Google Books, Internet Archive, Commons upload cycle/Progress
(Automation Tool) Google Books > Internet Archive > Commons upload cycle
- Public URL: //www.mediawiki.org/wiki/Google_Books,_Internet_Archive,_Commons_upload_cycle
- Bugzilla report: Bug - 57813
- Hosted on tools-lab: http://tools.wmflabs.org/bub/
- Maintained on github: https://github.com/rohit-dua/bub
- Ncert Books On exambeet:http://exambeet.in/ncert-books-free-download/
Community Bonding Report
Goals for the first half of the internship
- Create the front-end for the web-tool to be hosted on tools-lab server.
- Develop bot that handles queries in database (time-out deletion/queue handling/IPC-communication messages).

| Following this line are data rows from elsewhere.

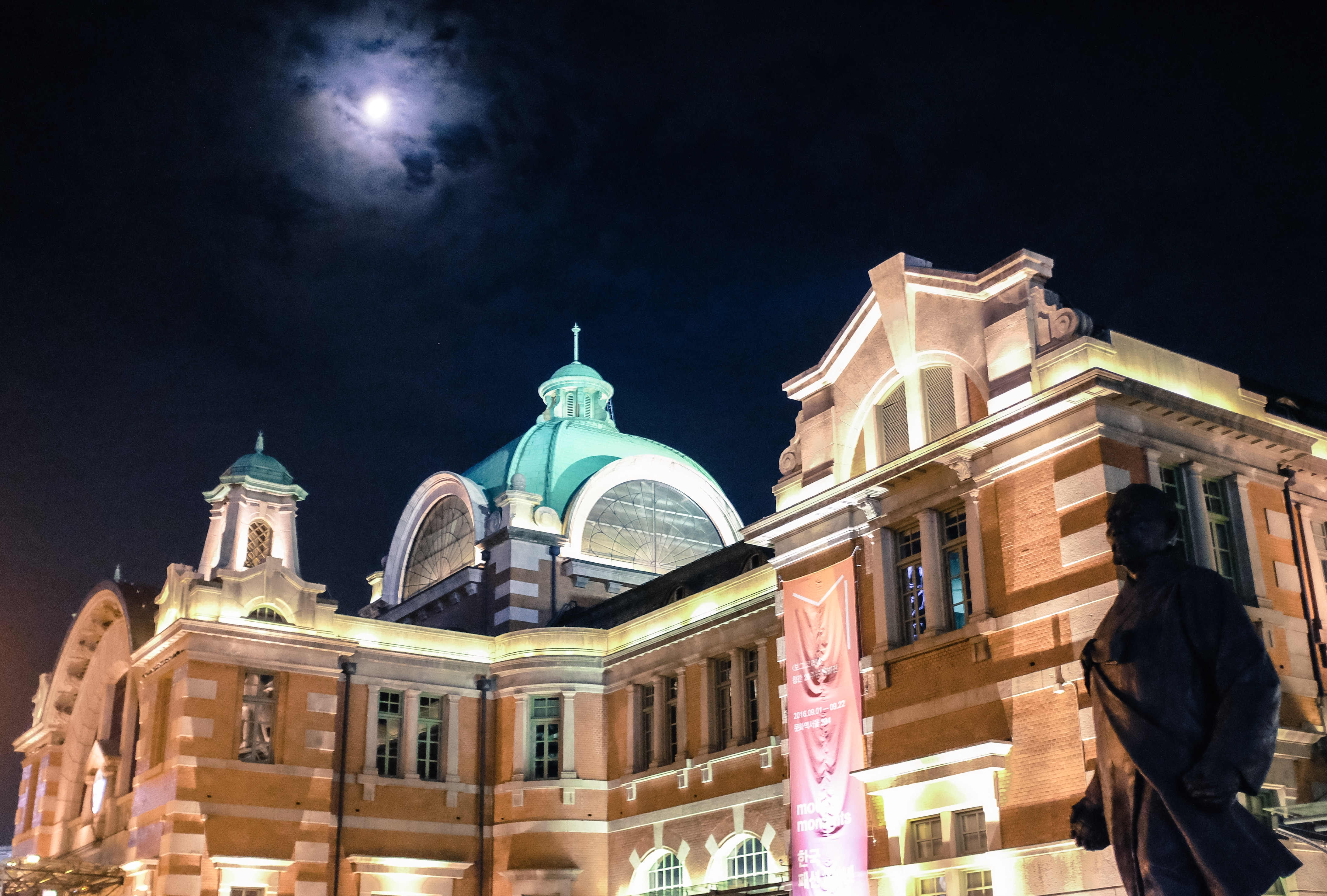 Former Seoul station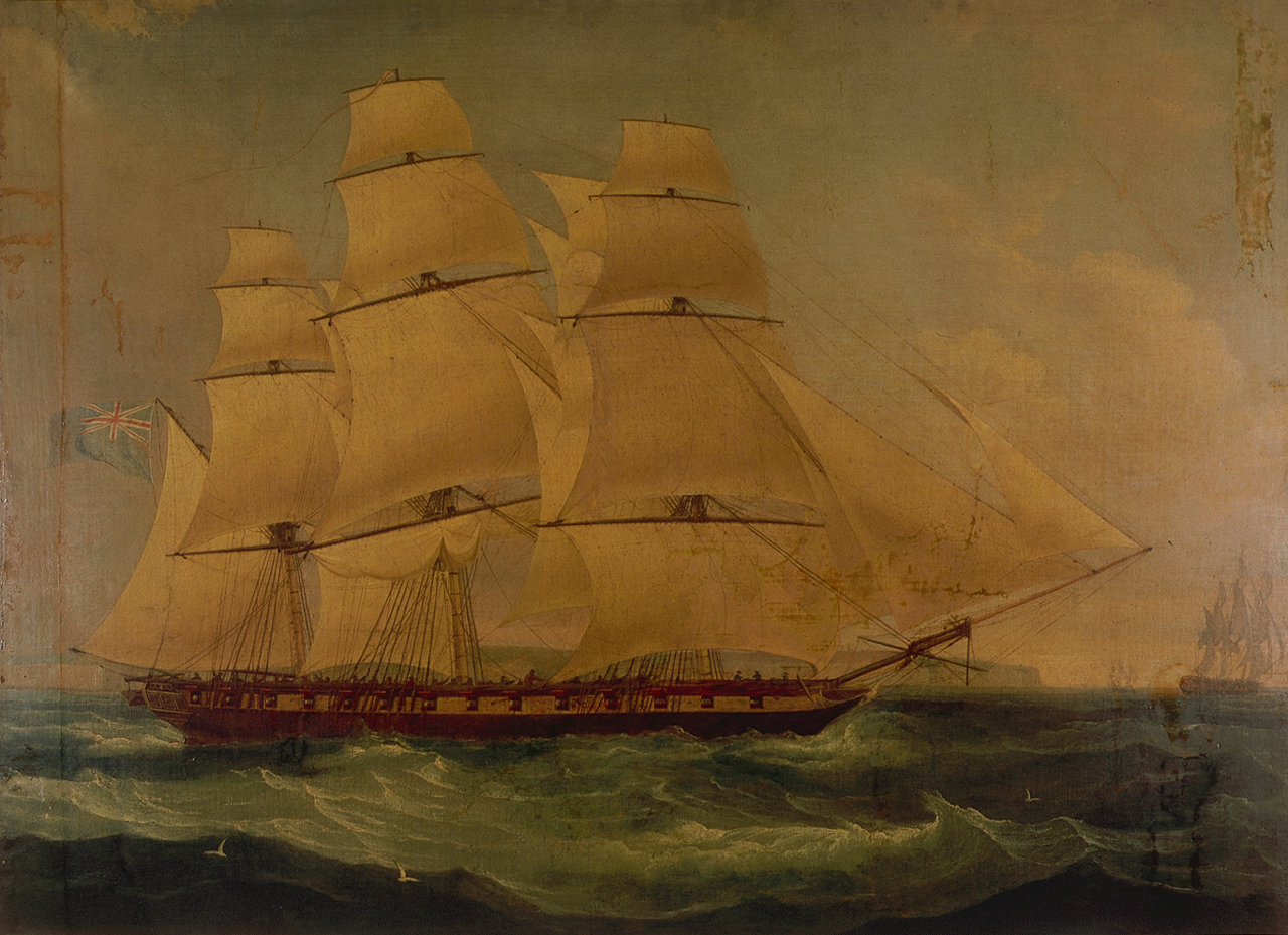 A portrait of the East Indiaman ‘Providence', shown in full sail broadside-on. The white cliffs of the English coast are visible in the distance and she is accompanied by other vessels. The ‘Providence’ was constructed in 1807 but did not enter the service of the East India Company until March 1816. The vessel undertook a single voyage to St Helena and China, under the command of Captain Andrew Timbrell Mason, returning to England in August 1817.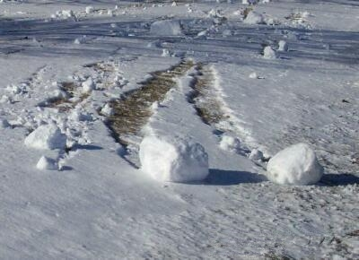 Snow rollers were photographed at the Lincoln Christian College, by NWS personnel in Lincoln. Tracks that the rollers took can be seen trailing behind. (The snow rollers generally moved in an eastward direction.)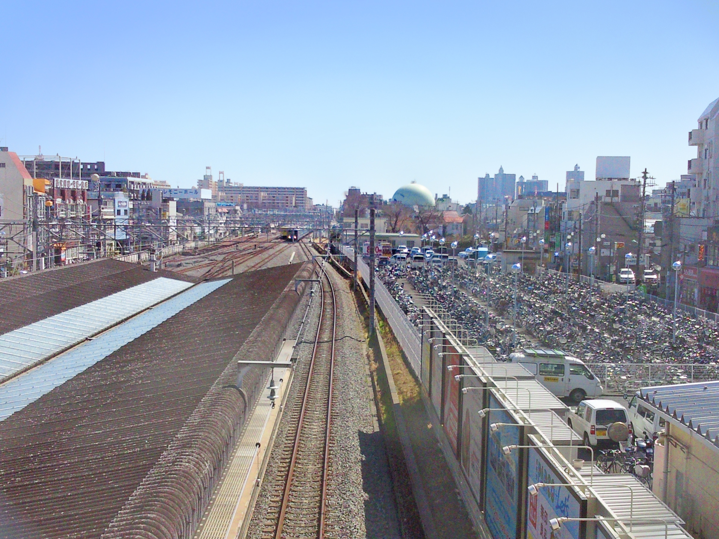 Seeing southeast from a window on the second floor level at Shin-Tokorozawa Station.

- Extract meta-data from Google-Books and introduce system to check if book already present in IA(Internet Archive).
- Create script to download from Google-books.
- This will be done by extracting individual page image, and then converting'em to pdf.
- I find IRC a quick way to contact to my mentors.
- Email will be used when mentors are not available.
- plan to have involvement of interested parties for testing/ suggestions.
- For this announcement on wikitech-l, wikisource-l, commons-l, will be made.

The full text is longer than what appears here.